Technology and manpower shortages contributed to the demise of Nanaimo’s community police stations, according to the RCMP’s spokesman.
Establishing positive relationships, through school liaison programs, bike patrol units or localized police offices, can help proactively deter crime, said Const. Gary O’Brien, Nanaimo RCMP spokesman. Community police stations, set up in the late 1990s and early 2000s, were a way of getting police out of their vehicles and interacting with the public.
At one point Nanaimo had community police stations in Cedar, Southgate Mall, University Village Mall, Beban House, Woodgrove Centre and Oliver Woods Community Centre. It was also a time when Nanaimo’s crime rate was especially high.
“At that time our resourcing numbers were a little down and our file loads during that period, when [the stations] were running was quite significant…” O’Brien said. “The guys were basically run off their feet, going from file to file to file.”
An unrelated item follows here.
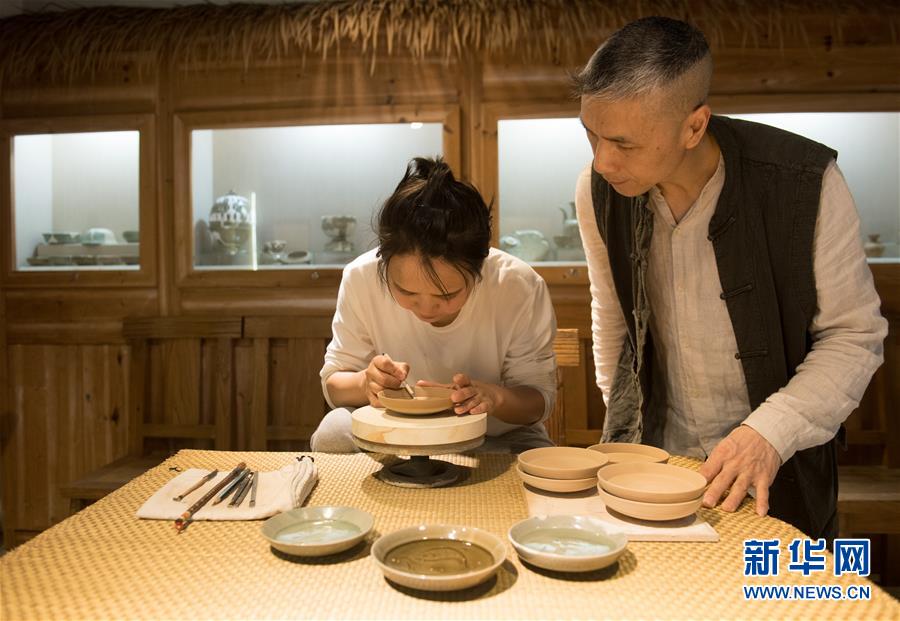 5月8日,“90后”瓷人湯佳(左)在龍泉青瓷裝飾紋樣研究所對(duì)著項(xiàng)宏金收藏的古瓷器刻劃魚(yú)紋盤(pán)。1965年出生的項(xiàng)宏金,被浙江龍泉年輕一代瓷人稱(chēng)為“項(xiàng)哥”,他從20世紀(jì)90年代開(kāi)始收集龍泉青瓷標(biāo)本,研究青瓷紋樣。2014年出版著作《龍泉青瓷裝飾紋樣》,次年開(kāi)設(shè)龍泉青瓷裝飾紋樣研究所,將自己收藏的千余件標(biāo)本跟瓷器愛(ài)好者、創(chuàng)作者免費(fèi)分享。新華社記者翁忻旸攝

The intention was to have one officer at each station per watch and the offices relied heavily on volunteers to man them.
“Community policing is often considered proactive. We know the benefits of it. We’ve reaped the benefits from it, but you also have to maintain that reactive force. You’ve got to keep those numbers up,” O’Brien said.
Computers in the stations weren’t secure either, making it impossible to work with sensitive files and e-mail communications. The systems could have been upgraded, but at considerable cost. Technological advancements ultimately saw secure mobile computers installed in patrol cars, said O’Brien.
Nanaimo’s community police stations started phasing out in 2009. The Cedar office was the last of them and closed in 2012.
The only satellite police office today is at Oliver Woods Community Centre, but it’s a remote office where members can securely access and work on files and is not a community policing station.
“They served their purpose for a while,” O’Brien said. “They were a great contact for individuals in the community.”